Data excerpts:
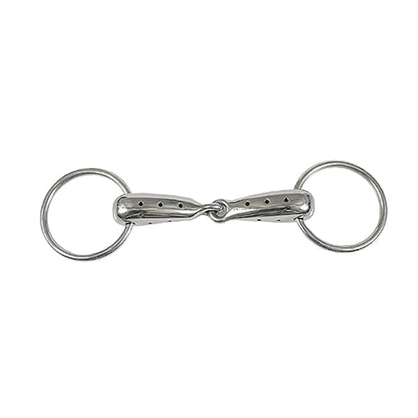Stainless Steel Hollow Mouth Loose Ring Snaffle Bit with ring size of 65mm and a jointed mouth with comfort holes and mouth thickness of 23mm.
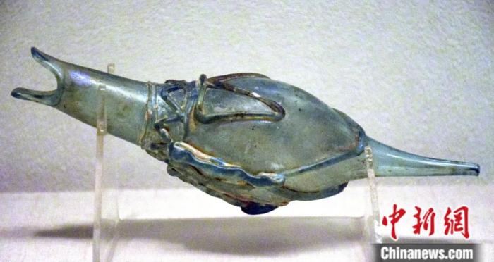 藏于遼寧省博物館的鴨形玻璃注。楊興斌 攝
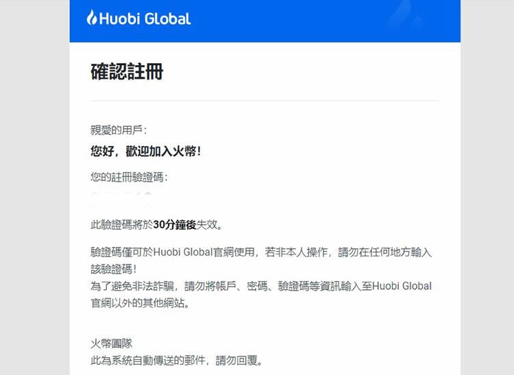 将收到的“手机验证码”,输入验证码栏,点击“确认”,即可完成火币注册;
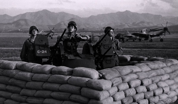 How do you increase the firepower of your magnificent .50 cal. M2 Browning Machine Gun when there’s only room for one finger on the trigger and someone else has to feed you the belt so it doesn’t get kinked up? You climb out of your foxhole, take it off the tripod, mount it on a carriage, and stack up four of them, ready to go. Thus you have the M55 Quadmount.
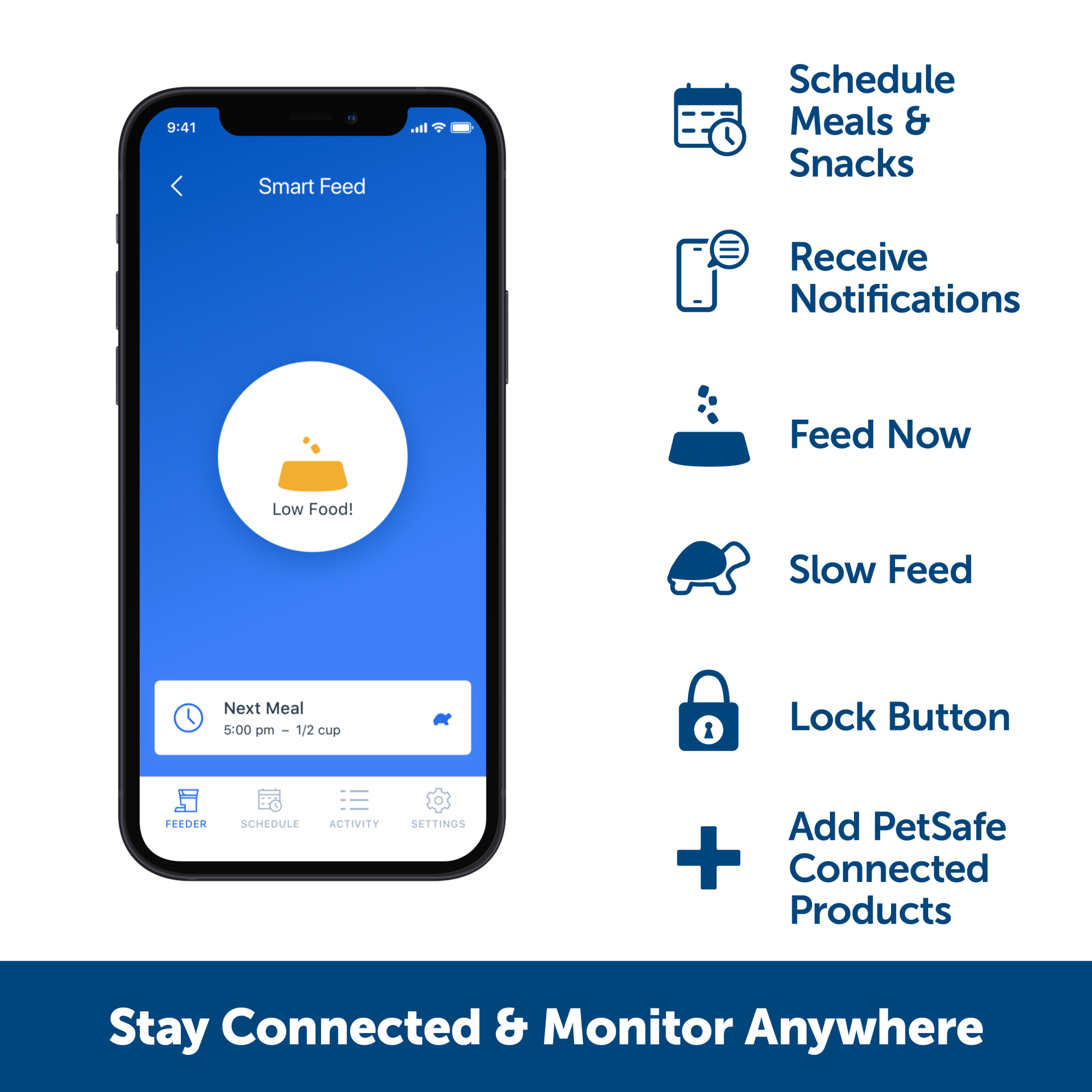 - Smart feeder connects to Wi-fi so you can feed your pet within the My PetSafe® app
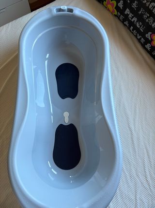 Bañera para bebés de la marca alemana Rotho. Diseñada para la comodidad y seguridad. - Forma ergonómica. - Material plástico resistente. - Base antideslizante. A mi hijo le encantó lo que pasa que ya no la utiliza ya que le baño en la bañera. La compré porque al principio no podía utilizarla ya que estaba en obras. Mi hijo ha sido feliz en esa bañera durante dos meses
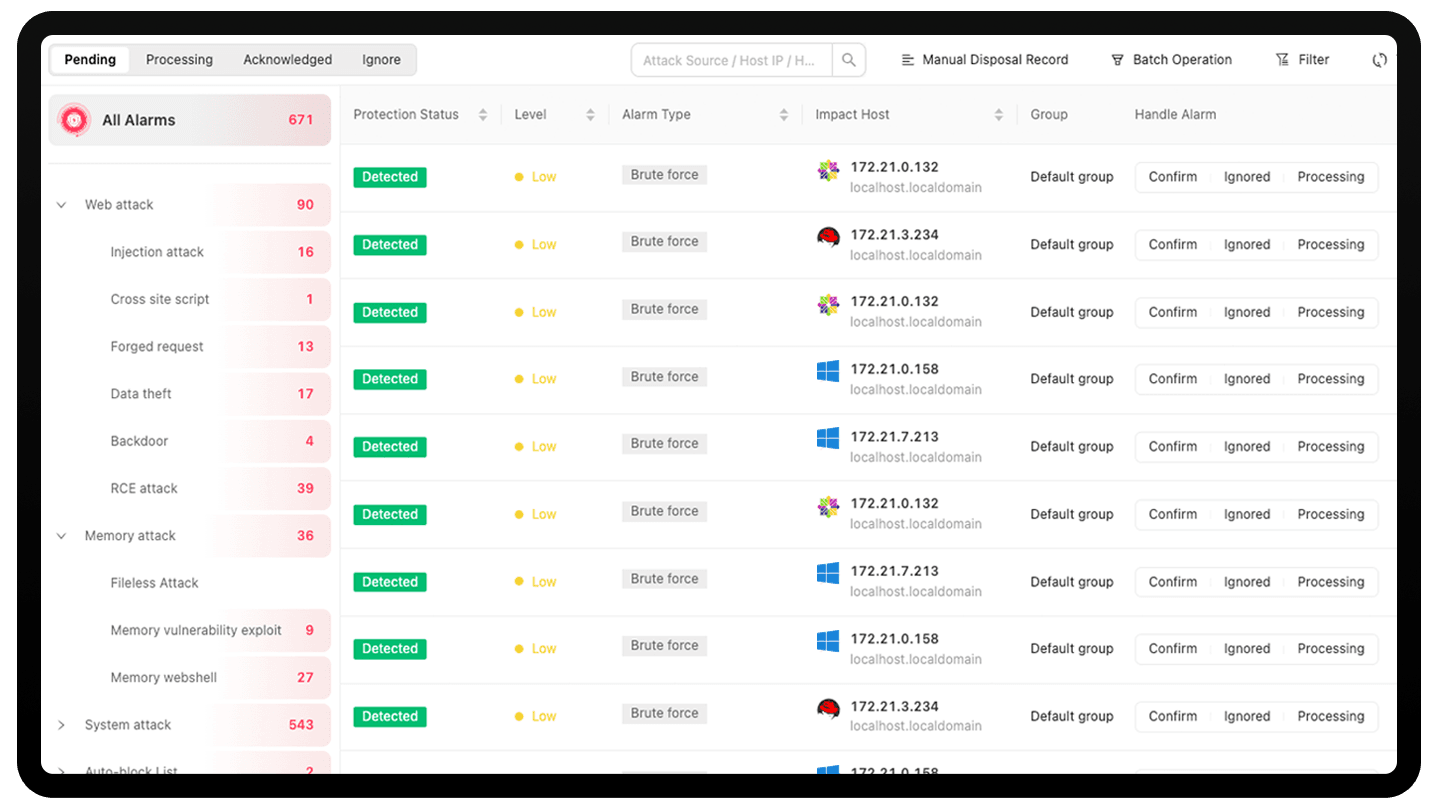 اكتشاف الأبواب الخلفية على الويب: يدمج محرك Yara الخاص ومحركات اكتشاف الأبواب الخلفية التابعة لجهات خارجية، مما يتيح التعرف الفعال على ملفات webshell الخلفية في الأدلة الويب.
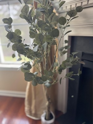 Artificial Tree Plant Eucalyptus Tree 5FT Tall, Modern Large Fake Plant Decor in Pot for Indoor Outdoor,Home Office Ideal Housewares, Eucalyptus Tree
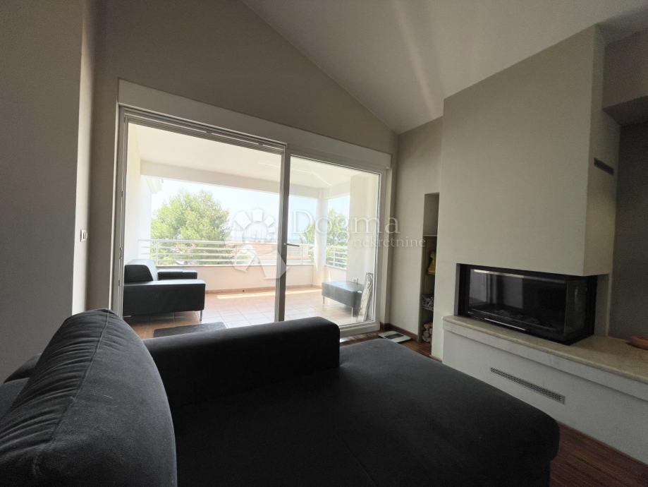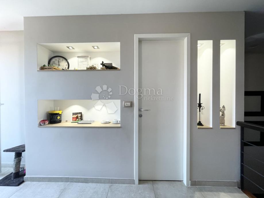 Prodaje se luksuzni stan prvi red do mora sa pogledom na more. Sastoji se od ulaznog prostora, open space kuhinje, blagovaonice i dnevnog boravka sa izlazom na terasu, spavaće sobe, wc-a te stepenica koje vode na donji kat. Na donjem katu se nalazi noćni dio sa dvije spavaće sobe sa svojim kupaonicama te prostorijom sa perilicom i sušilicom za rublje. Glavna spavaća soba raspolaže sa vlastitom terasom koja ima predivan pogled na more.
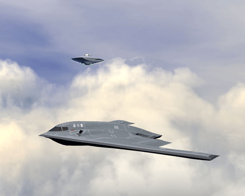 This is the famous McPherson photograph taken by the chase plane during a shake-down flight of the B-2. The pilot of the chase plane saw an object flying at the same speed of the B-2, and managed to take this picture. Moments later, the object flew off to the southeast at an enormous rate of speed. It was not known just how close this object was to the B-2 until the photograph revealed the reflection of the B-2's wing on the underside of the craft. Interestingly, neither the B-2 nor the mystery craft appeared on military radar.
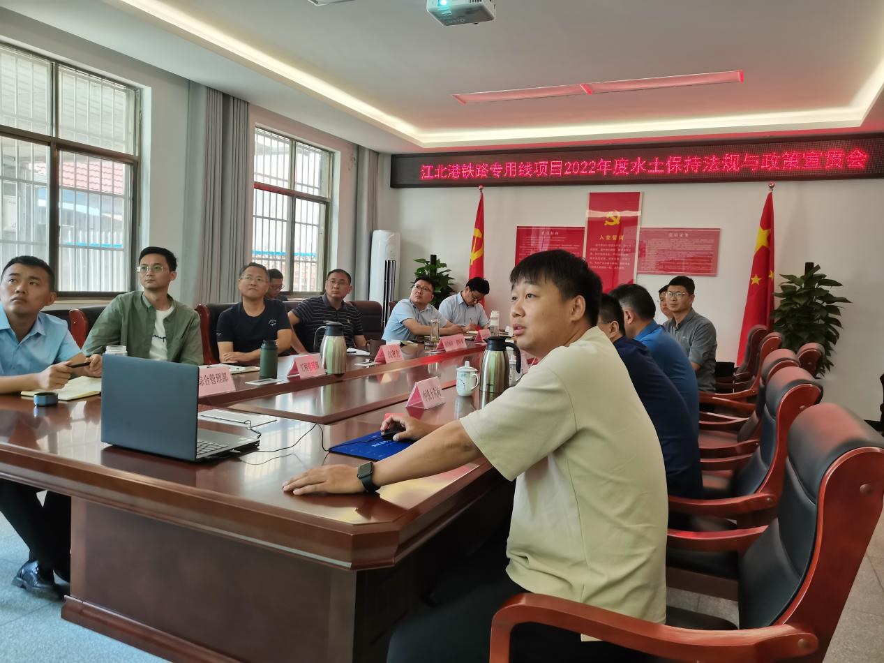 為提高全體參建單位水保法律法規(guī)意識(shí),扎實(shí)有序推進(jìn)項(xiàng)目建設(shè)期水土保持管理工作,6月9日上午,江北港鐵路專用線公司組織召開項(xiàng)目2022年度水土保持法規(guī)與政策宣貫會(huì)。公司副總經(jīng)理高家立主持會(huì)議。集團(tuán)公司總工程師,江北港鐵路公司董事長(zhǎng)、總經(jīng)理張葉來(lái),公司部門相關(guān)人員、十六局項(xiàng)目經(jīng)理部、上海先行項(xiàng)目監(jiān)理部相關(guān)人員出席會(huì)議,二十局項(xiàng)目經(jīng)理部以視頻方式參會(huì)。

Task to carry out: Return exactly the lines above, from the one with "Prodaje se luksuzni" up to and including the one with "This is the", and include no pictures.

Response to the task:
 Prodaje se luksuzni stan prvi red do mora sa pogledom na more. Sastoji se od ulaznog prostora, open space kuhinje, blagovaonice i dnevnog boravka sa izlazom na terasu, spavaće sobe, wc-a te stepenica koje vode na donji kat. Na donjem katu se nalazi noćni dio sa dvije spavaće sobe sa svojim kupaonicama te prostorijom sa perilicom i sušilicom za rublje. Glavna spavaća soba raspolaže sa vlastitom terasom koja ima predivan pogled na more.
 This is the famous McPherson photograph taken by the chase plane during a shake-down flight of the B-2. The pilot of the chase plane saw an object flying at the same speed of the B-2, and managed to take this picture. Moments later, the object flew off to the southeast at an enormous rate of speed. It was not known just how close this object was to the B-2 until the photograph revealed the reflection of the B-2's wing on the underside of the craft. Interestingly, neither the B-2 nor the mystery craft appeared on military radar.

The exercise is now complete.